In Tschudin v. Brumbaugh & Quandahl, plaintiff alleged that defendant violated the FDCPA by filing a collection lawsuit that included exhibits containing plaintiff’s account number, date of birth and social security number. Defendant moved to dismiss, arguing that the mistaken failure to redact the information was inadvertent, and could not be considered an unfair or abusive collection practice. The court agreed and dismissed the FDCPA claim, concluding that the FDCPA does not create a cause of action for filing a relevant document that was not properly redacted.
In Grace v. LVNV Funding, plaintiff alleged that defendant violated the FDCPA by adding an 18% “service charge”, which was alleged to be a disguised interest charge not authorized by state law or the underlying agreement. Defendant moved for summary judgment, arguing that the charge was not interest, but a passable service charge. The court rejected that argument, finding that the charge was a disguised interest charge being collected at an unlawful rate.

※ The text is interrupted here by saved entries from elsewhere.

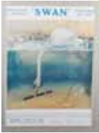
5. SWAN Advertising A4 print in mount for Swan Fountain Pens, VG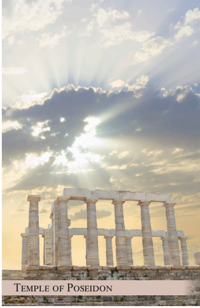
TEMPLE OF POSEIDON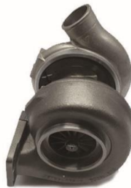
1-14400374-2 涡轮增压器 TURBOCHARGER ASM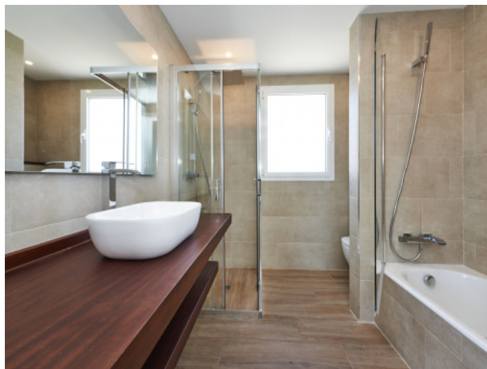
Spacious en-suite bathroom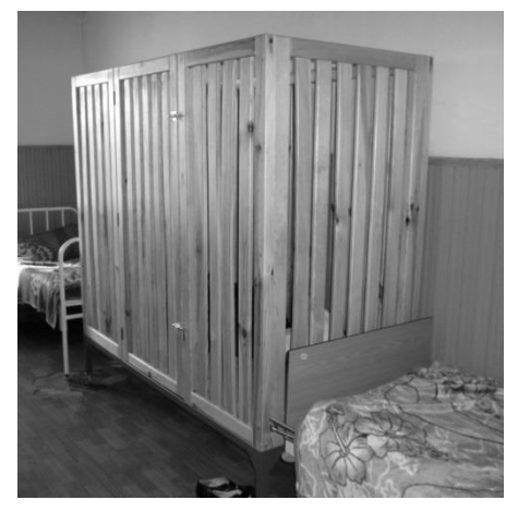
Adult cage bed

I also drew attention to the shortcomings of the protocol on restrictive measures vis-à-vis disabled persons living with disabilities in my reports on both the Therapeutic House and the Platán Residential Home. In the case of the Therapeutic House, I also suggested the termination of the use of cage beds for adults. In connection with the Platán Residential Home, I pointed out that organizing various leisure and community activities for disabled persons deprived of their liberty could render unnecessary or, at least, significantly reduce the use of tranquilizing shots.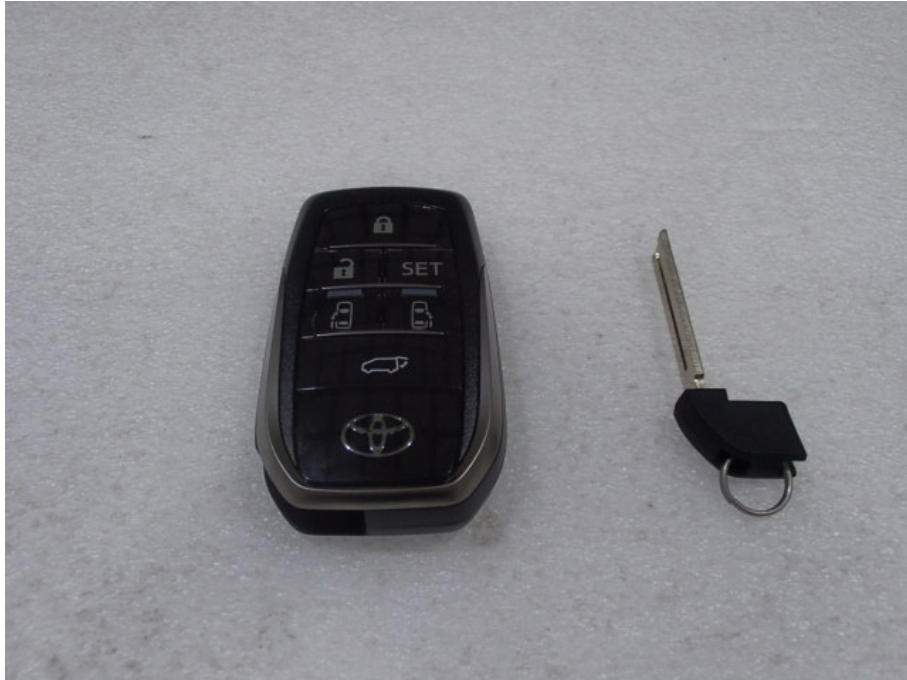
Mechanical Key (Not Inserted) Worst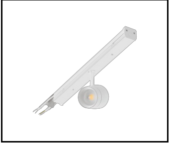
LINEA S LED ECO 588mm - 1xEXPO ADJUST 2050lm zoom 22-55st. White 840 20W (594472)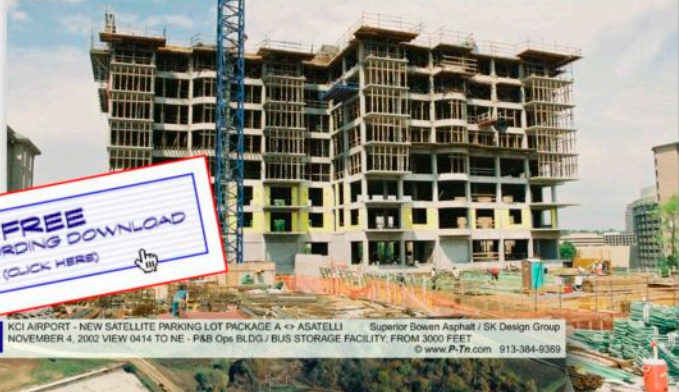
P-Tn KCI AIRPORT - NEW SATELLITE PARKING LOT PACKAGE A ↔ ASATELLI Superior Bowen Asphalt / SK Design Group NOVEMBER 4, 2002 VIEW 0414 TO NE - P&B Ops BLDG / BUS STORAGE FACILITY: FROM 3000 FEET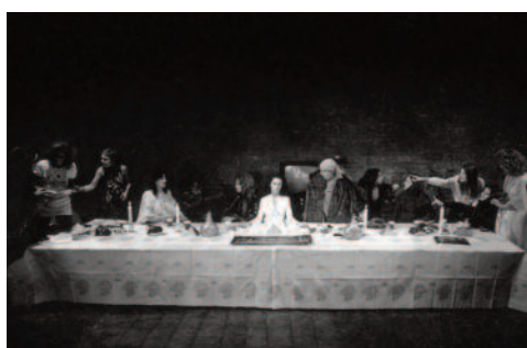
Ultra Violet, still from The Last Supper , 1972

This performance and film—a re-enactment of the Biblical Last Supper—was conceived for The Kitchen in 1972 and performed by New York-based artists under the influence of feminism.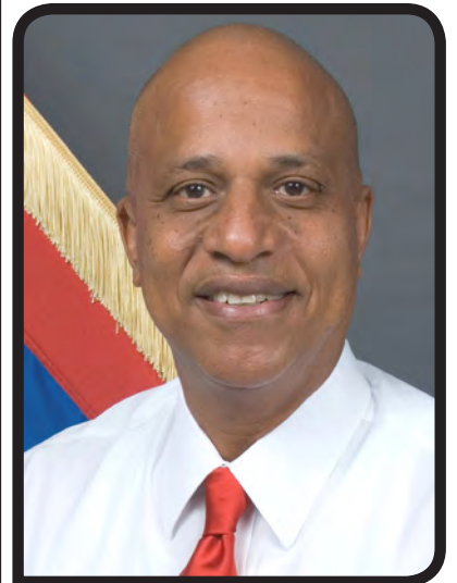
Hon. Dean Barrow Prime Minister of Belize

Belmopan. May 17, 2013. The Office of the Prime Minister informs that the Hon. Dean Barrow, Prime Minister of Belize, will be out of the country from Saturday, May 18th to Thursday, May 23rd.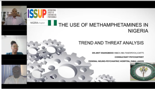
Webinar: The use of methamphetamines in Nigeria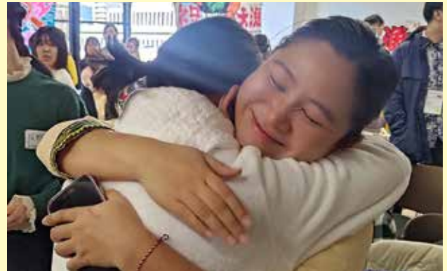
Participating Youth promising to be reunited with their host families (8th December)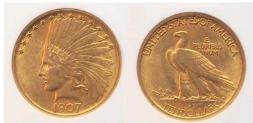
A $1907 $10 gold Indian Head Eagle graded MS-61 by NGC

While at the F.U.N. show some increases were enormous between single digit grades. Certified 1908 $5.00 Liberty gold half eagles were priced at $350 in MS-62, $1,000 in MS-63 and $1,800 in MS-64. In this case, the differences were easily observable. The 62 had lots of distracting marks; the 63 less and the 64 was gorgeous with blazing luster.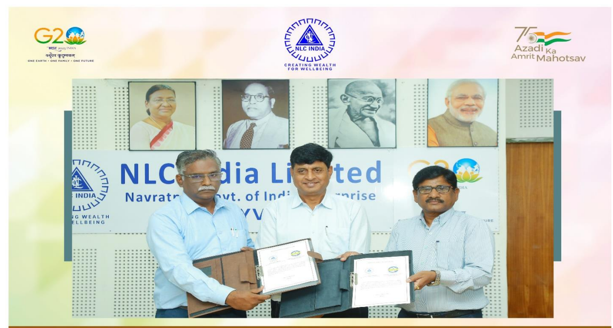
NLCIL INKS PACT WITH TWAD BOARD FOR THE COMBINED WATER SUPPLY SCHEME FOR CUDDALORE DISTRICT

NLC India Limited executed an MoU for yet another community development initiative to supply 425 Lakh Litres of water per day to Tamil Nadu Water Supply and Drainage Board for the Cuddalore District Combined Water Supply Scheme, benefitting 7.91 Lakh People as a part of "Azadi Ka Amrit Mahotsav" theme for creating awareness as advised by Ministry of Home Affairs, Govt. of India by following the preventive measures as maintaining social distancing, wearing of Mask etc.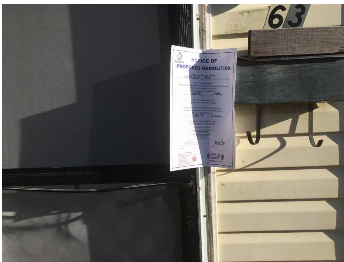
IMAGE DESCRIPTION 2063 Bowen Blvd

CODE CASE NBR IMAGE DATE 2016020947 1/31/2018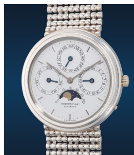
857 Audemars Piguet A very rare and attractive platin... Estimate HK$80,000 — 160,000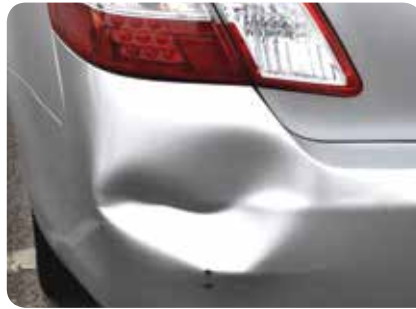
5. Dented Bumper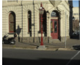
B1 - Reconstructed lamp set back 1m from street corner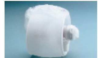
Folds for easy storage.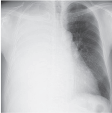
Figure 1. Chest radiography revealed a massive pleural fluid collection in the right hemithorax, with mediastinal shift.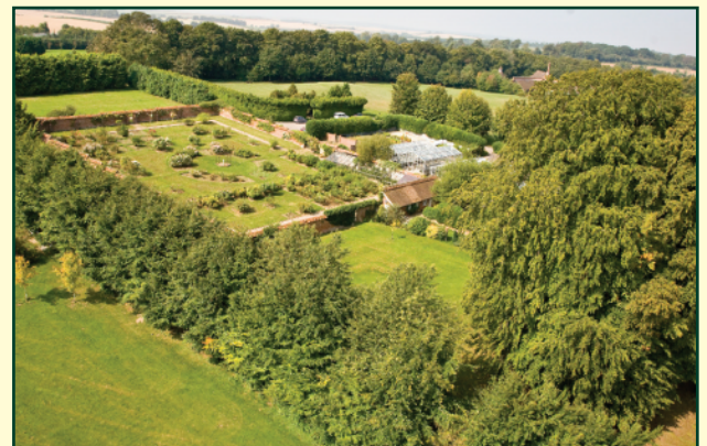
Sutton Manor Grounds

The atmosphere at the Manor is one of tranquility and spaciousness. The expansive surroundings, with 25 acres of peaceful private gardens and 35 acres of parkland, are perfect for leisurely walks and exercising pets. Situated to the south of the Manor is the Nursery area with its greenhouses supplying fresh flowers and plants for all Amesbury Abbey Group Nursing Homes.

In Norman v. Complete Payment Recovery, plaintiff alleged that defendant violated the TCPA by placing robocalls to his cell phone without consent. Defendant moved for summary judgment, arguing that the calls were not made with an “automatic telephone dialing system” as defined by the TCPA because the calls were manually dialed on equipment lacking any automated or predictive dialing capacity. The court denied the motion, finding that there was a disputed factual issue on the manner used to make the calls because plaintiff testified that he heard a non-human, automated voice when he answered some of the calls.